▶ [Exercise brief]:
Write out all the data verbatim. Skip images.

▶ [Data section]:
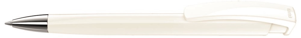 Druckkugelschreiber mit gedeckt glänzendem Dreikantgehäuse und schwerer Metallspitze glanzverchromt.
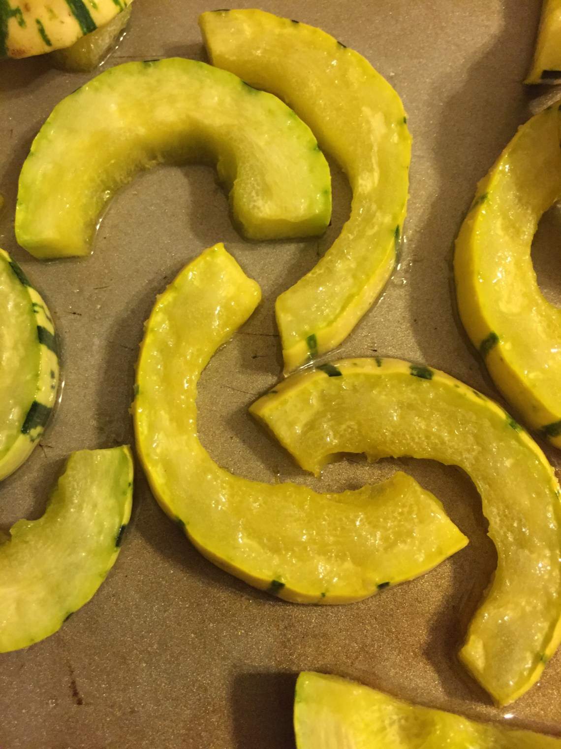 Delicata squash is just such an amazing treat. It’s so sweet and so easy to prepare. Great as an appetizer or on a salad, like a little sunshine on a rainy autumn day.
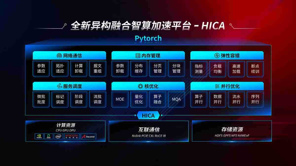 通过自研的服务层、、中间适配层、、、以及调度编排算法,,,采用数据并行、、、、模型并行等多种并行方式,,,,把并行计算任务进行有效的分解,,,使其分别由相应的软件栈和算力资源来承接。。当GPU资源变化,,HICA可以实时动态调度计算子任务并调整模型拓扑和架构,,以充分聚合各种算力资源。。

▶ [Finished exercise]:
 Druckkugelschreiber mit gedeckt glänzendem Dreikantgehäuse und schwerer Metallspitze glanzverchromt.
 Delicata squash is just such an amazing treat. It’s so sweet and so easy to prepare. Great as an appetizer or on a salad, like a little sunshine on a rainy autumn day.
 通过自研的服务层、、中间适配层、、、以及调度编排算法,,,采用数据并行、、、、模型并行等多种并行方式,,,,把并行计算任务进行有效的分解,,,使其分别由相应的软件栈和算力资源来承接。。当GPU资源变化,,HICA可以实时动态调度计算子任务并调整模型拓扑和架构,,以充分聚合各种算力资源。。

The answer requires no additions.